* **TRY IT**: Of the lines in the material below, print only those from the one containing "Canlı pembe rengi" to the one containing "The Semi-Private Gardens, meanwhile, are", ends included, exactly as written and without pictures.

* **DATA FOR THIS EXERCISE**:
§
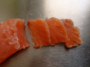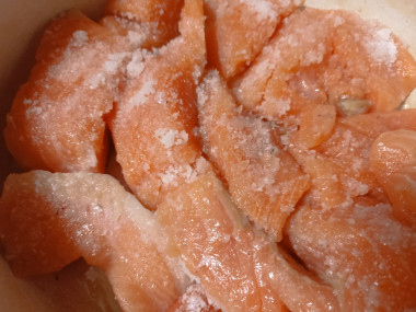 Приготовила соленый лосось в домашних условиях. Чтобы удобнее было использовать рыбу для бутербродов или салата - сразу срезала мякоть с кожи , посыпала смесью соли и сахара ( приправы добавлять тоже не стала), перемешала и оставила на ночь просаливаться. Уже к завтраку приготовила бутерброды. Очень вкусная рыбка получилась. Идеальные пропорции посолочной смеси, рыба в меру соленая, сахар не перебивает вкус, а дополняет и раскрывает его. Спасибо автору за рецепт!
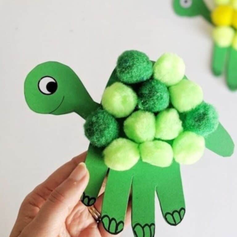 Kids can make this “turtley awesome” card from Red Ted Art for Father's Day, his birthday, and many other fun occasions. The craft is made to look like a turtle with the green construction paper handprint, the addition of a head, and pom poms in various shades of green to make up the shell.
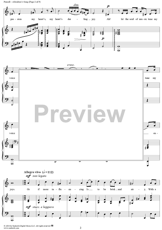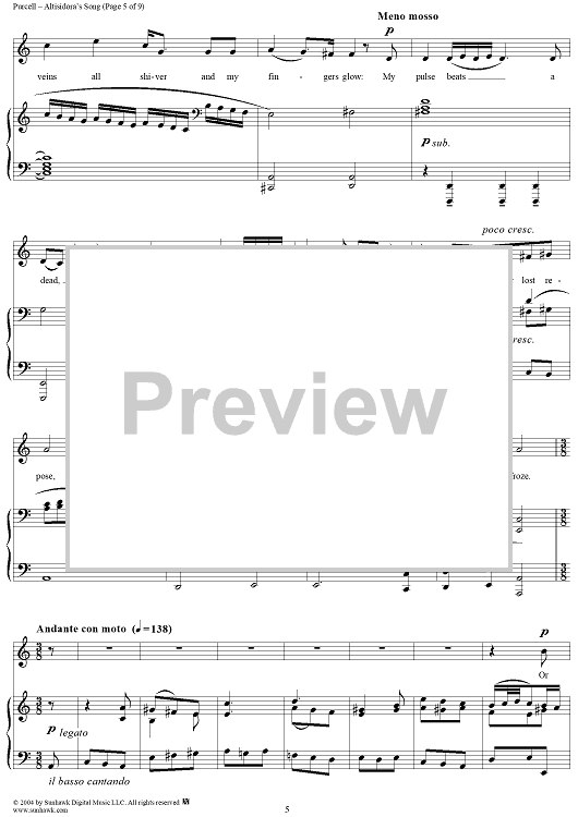 Digital Sheet Music for Altisidora's Song by Henry Purcell scored for Voice/Piano; id:303517
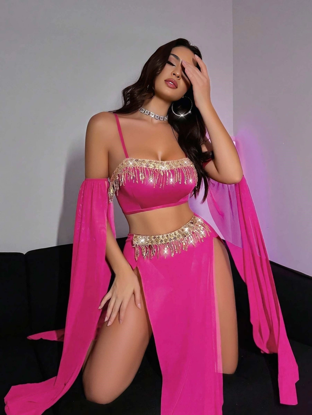 Canlı pembe rengi ve dikkat çekici detaylarıyla tasarlanan bu özel dansöz kostümü, sahne şıklığını ve feminen cazibeyi bir araya getirir. Vücuda oturan kesimi sayesinde hareketleri zarifçe ön plana çıkarırken, özel tasarım detayları kostüme göz alıcı bir görünüm kazandırır. Hafif ve esnek yapısı sayesinde rahat hareket imkânı sunar. Gösteriler, özel etkinlikler ve konsept kombinler için ideal bir tercihtir.
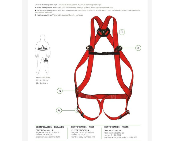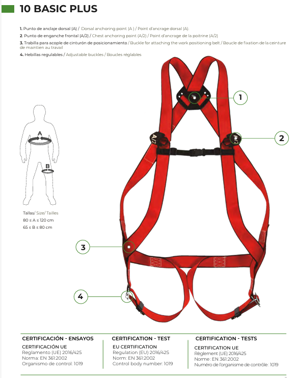 – El arnés 10 Básico Plus tiene un peso máximo permitido por usuario: 100kg
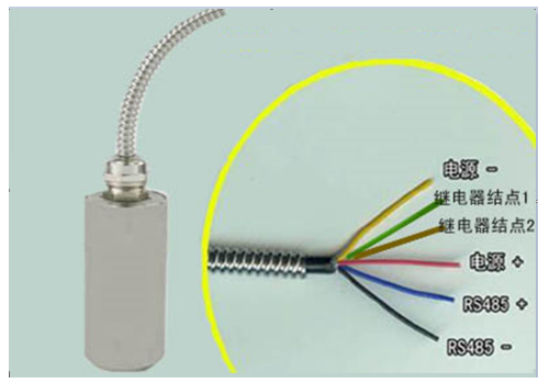 JG-930S-M振動傳感器采用抗振不銹鋼軟管引線結(jié)構(gòu),4芯(6芯)屏蔽電纜為傳感器提供電源和RS485通訊,信號的定義通過不同的電纜顏色來區(qū)別,下圖說明了傳感器信號定義。
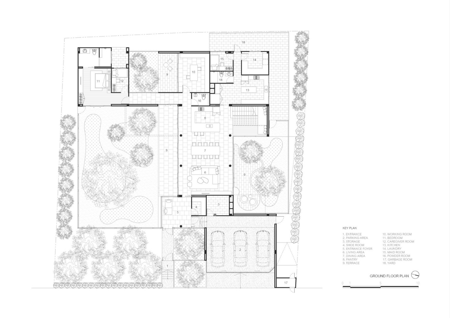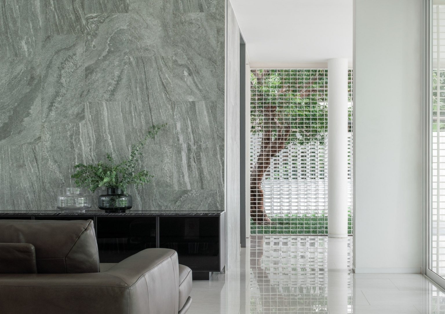 The Semi-Private Gardens, meanwhile, are veiled in vertical fins restricting views into the living room. The central and largest court is for exclusive eyes only. The family members and those invited are the only ones allowed to experience the space within.
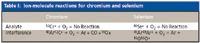 However, by using a suitable reaction gas together with optimization of the quadrupole electrical fields, a dynamic reaction cell can virtually eliminate the effect of these polyatomic interferences. After reviewing ion–molecule reaction mechanisms, optimization studies were carried out using oxygen as the reaction gas. Both 52Cr+ and 80Se+ ions do not react with oxygen, while the polyatomic ions 40Ar12C+ and 40Ar40Ar+ do. The ion–molecule reactions for both elements and their interferences are shown in Table I.
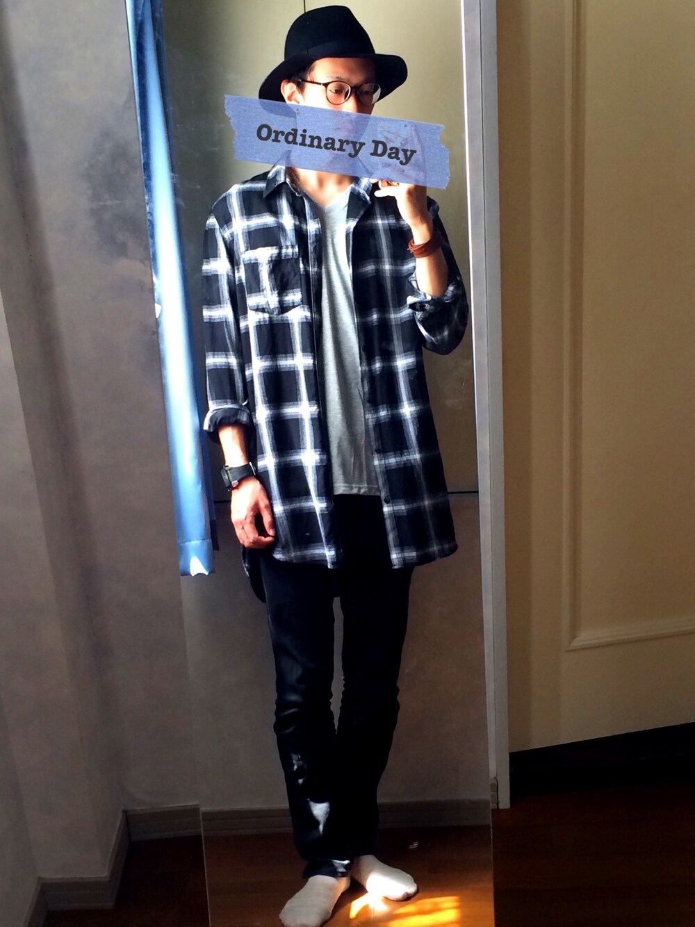 今日は午前中にホームセンター行く以外に特段予定がないのでラフに! ロングシャツ×スキニー×ハット×メガネ 帰宅したらシャツを脱ぎ捨てTシャツ姿でゴロゴロすることでしょう(笑)
§
* **COMPLETED EXERCISE**:
 Canlı pembe rengi ve dikkat çekici detaylarıyla tasarlanan bu özel dansöz kostümü, sahne şıklığını ve feminen cazibeyi bir araya getirir. Vücuda oturan kesimi sayesinde hareketleri zarifçe ön plana çıkarırken, özel tasarım detayları kostüme göz alıcı bir görünüm kazandırır. Hafif ve esnek yapısı sayesinde rahat hareket imkânı sunar. Gösteriler, özel etkinlikler ve konsept kombinler için ideal bir tercihtir.
 – El arnés 10 Básico Plus tiene un peso máximo permitido por usuario: 100kg
 JG-930S-M振動傳感器采用抗振不銹鋼軟管引線結(jié)構(gòu),4芯(6芯)屏蔽電纜為傳感器提供電源和RS485通訊,信號的定義通過不同的電纜顏色來區(qū)別,下圖說明了傳感器信號定義。
 The Semi-Private Gardens, meanwhile, are veiled in vertical fins restricting views into the living room. The central and largest court is for exclusive eyes only. The family members and those invited are the only ones allowed to experience the space within.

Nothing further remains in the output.